#### [Data section]
╭──

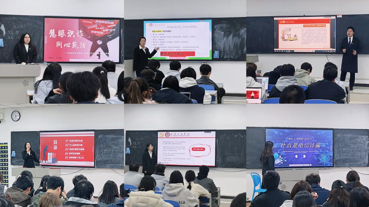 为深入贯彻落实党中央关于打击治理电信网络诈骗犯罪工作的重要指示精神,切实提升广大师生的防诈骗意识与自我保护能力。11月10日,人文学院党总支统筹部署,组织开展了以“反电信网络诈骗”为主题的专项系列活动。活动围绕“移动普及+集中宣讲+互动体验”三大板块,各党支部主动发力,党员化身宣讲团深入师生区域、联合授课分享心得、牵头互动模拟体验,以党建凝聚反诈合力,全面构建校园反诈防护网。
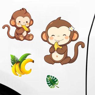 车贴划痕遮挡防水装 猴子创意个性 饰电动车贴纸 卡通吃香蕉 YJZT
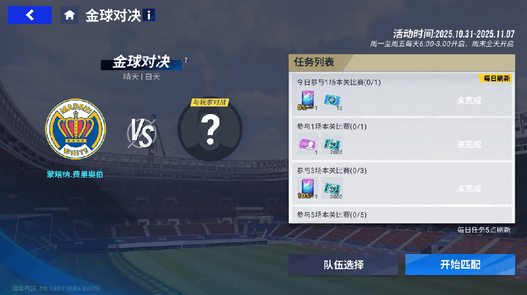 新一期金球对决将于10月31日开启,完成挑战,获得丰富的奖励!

╰──
╭──

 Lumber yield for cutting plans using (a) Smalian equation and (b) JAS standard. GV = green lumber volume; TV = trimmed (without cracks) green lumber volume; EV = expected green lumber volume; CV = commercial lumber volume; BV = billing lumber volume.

╰──

#### [Work instruction]
In the listing above, find the line containing "为深入贯彻落实党中央关于打击" and the line containing "新一期金球对决将于10月31日开启,完成挑战,获得丰富的奖励!", then print exactly those two lines and every line between them, minus the pictures.

#### [Response to the task]
 为深入贯彻落实党中央关于打击治理电信网络诈骗犯罪工作的重要指示精神,切实提升广大师生的防诈骗意识与自我保护能力。11月10日,人文学院党总支统筹部署,组织开展了以“反电信网络诈骗”为主题的专项系列活动。活动围绕“移动普及+集中宣讲+互动体验”三大板块,各党支部主动发力,党员化身宣讲团深入师生区域、联合授课分享心得、牵头互动模拟体验,以党建凝聚反诈合力,全面构建校园反诈防护网。
 车贴划痕遮挡防水装 猴子创意个性 饰电动车贴纸 卡通吃香蕉 YJZT
 新一期金球对决将于10月31日开启,完成挑战,获得丰富的奖励!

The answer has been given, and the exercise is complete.